Develop cmake for Kaldi

Recently I started to take time to read C++ codes in Kaldi to deepen my understandings of the internal Kaldi pipelines. To start with, there are several options to read Kaldi’s codes.

  • read code with <your favourite editors>
  • read code on Github
  • read code on Kaldi’s website
  • read code on IDE

Previously I was reading Kaldi’s code mainly using Github and its website. These are not bad options if we were only interested in reading codes. However, I prefer debugging codes with some easy tests when reading them. So my options here are limited to editors or IDEs. As I am not familiar with debugger plugins of editors (e.g: ctags), and I am used to developing C++ projects in Clion IDE because it is supported in most operating systems, so I decided to use Clion as my main IDE for code reading/debugging.
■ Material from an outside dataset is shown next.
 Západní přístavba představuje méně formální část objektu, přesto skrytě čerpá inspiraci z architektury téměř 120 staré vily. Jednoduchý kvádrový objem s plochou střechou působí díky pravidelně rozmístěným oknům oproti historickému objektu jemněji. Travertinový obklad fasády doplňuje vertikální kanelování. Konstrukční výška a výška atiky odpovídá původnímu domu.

The problem here is Clion requires the project to be configured with cmake, which is not compatible with the default makefile in Kaldi. Therefore, I was trying to develop the cmake environment to replace the makefile in order to use Clion. This post contains my investigations of Kaldi makefiles and explains how did I create CMakeLists.txt from the existing makefiles.

Related Works

It looks that there were several works trying to construct CMakeLists.txt for Kaldi so far. For instance:

  • brute force: just add all header and source into one Kaldi’s executable. A quick way to configure but impossible to debug.
  • pykaldi: this is a cool project to implement a python wrapper for Kaldi and has lots of interesting points. However, its cmake contains many unrelated code for our purpose (e.g: clif bindings).
  • kaldi-cmake: this is actually a good start point for kaldi’s cmake. It uses a python script to traverse all Kaldi’s subdirectories to generate CMakeLists.txt, and I follow the same strategy to implement my own version. This project, however, changed Kaldi’s original directory structures and divided all files into header, source and test directories. As I want to keep the original structure, I did not use this project.
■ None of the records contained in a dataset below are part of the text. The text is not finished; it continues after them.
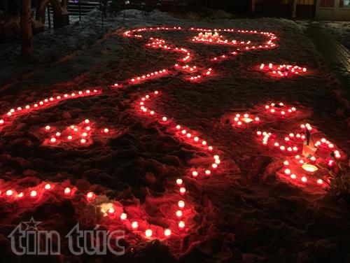 Menyalakan lilin berbentuk Negara Vietnam dalam upacara ini
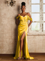 Off-the-shoulder Mermaid Dress with Slit Marigold
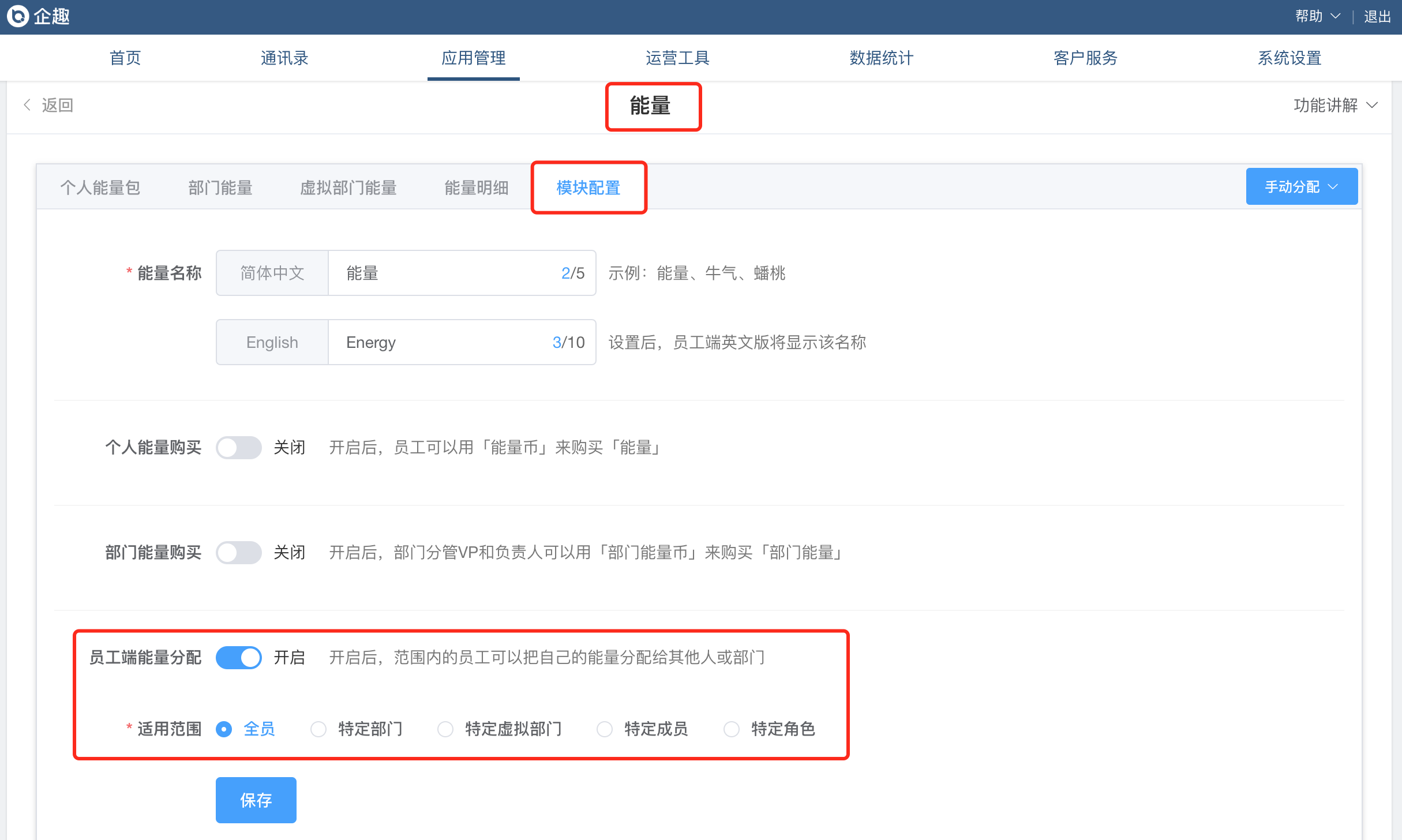 ②员工端能量分配支持选择全员;
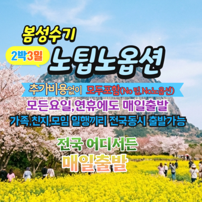 [제주] ★전국출발★2박3일 꽉찬일정 노팁노옵션 다시제주!! 봄성수기 추억 쌓기 여행
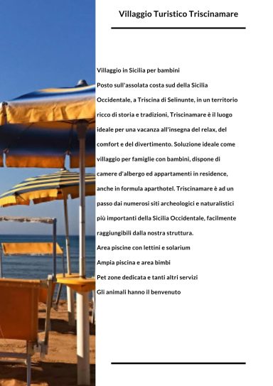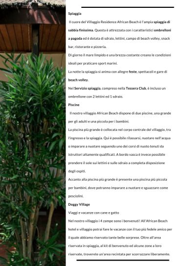 Ottimo per chi vuole coniugare tranquillità con giochi e sport. Soprattutto grande ospitalità per gli amici a quattro zampe. Professionalità garantita da parte di tutto lo staff. Spazio per gli amici a quattro zampe sia in spiaggia che nel villaggio.
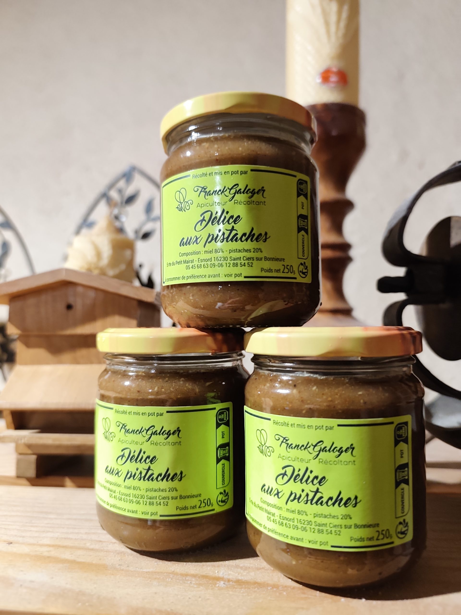 Délice aux pistaches disponible en pot de 250 grammes

None of them could satisfy my personal purpose, so I continue to create my own.

Makefiles in Kaldi

There are two large directories under Kaldi’s root path: src and tools.

  • src contains the core part of Kaldi’ own code
  • tools has the 3rd party codes such as openfst and blas libraries.

The install instructions require us to first configure tools and compile necessary software. Then go to the src to configure and compile. As we are only interested in reading and debugging Kaldi’s core part, we will follow the instructions to configure both directories and compile tools, but we will skip the compilation part for src.

After configuring Kaldi’s src, each subdirectory in src will contain Makefile as follows:

# Whenever make is run in this directory, call ./get_version.sh as the
# first thing. This script regenereates ./version.h if necessary, e.g.
# if it does not already exist or if the version number has changed.
LOG := $(shell ./get_version.sh; echo " $$?")
ifneq ($(strip $(LOG)), 0)
  RC := $(lastword $(LOG))
  OUT := $(wordlist 1,$(shell echo $$(($(words $(LOG))-1))),$(LOG))
  ifeq ($(RC),0)
    $(info $(OUT))
  else
    $(error $(OUT))
  endif
endif

all:

include ../kaldi.mk

TESTFILES = kaldi-math-test io-funcs-test kaldi-error-test timer-test

OBJFILES = kaldi-math.o kaldi-error.o io-funcs.o kaldi-utils.o timer.o

LIBNAME = kaldi-base

ADDLIBS =

include ../makefiles/default_rules.mk

The structure here are simple. First, there are two top-level included Makefile: ../kaldi.mk and ../makefiles/default_rules.mk

  • kaldi.mk: it looks contains the environment variable setup by configure
  • makefiles/default_rules.mk: this is to setup template how to compile files based on different OS

The meaning of other fields are as follows:

  • TESTFILES: all listed cc files should be compiled as executables
  • OBJFILES: all listed objects should be compiled into the library specified by LIBNAME
  • LIBNAME: library name for this directory. usually each directory is corresponding to one LIBNAME
  • ADDLIBS: other libraries dependencies. (There are no dependencies here because kaldi-base is one of the most root-level shared library in Kaldi. However, a lot of other libraries will depend on this kaldi-base)

cmake for Kaldi

To create CMakeLists.txt for each directory, we need to translate the previous Makefile into the following CMakeLists.txt

set(EXECUTABLE_OUTPUT_PATH "${CMAKE_CURRENT_SOURCE_DIR}")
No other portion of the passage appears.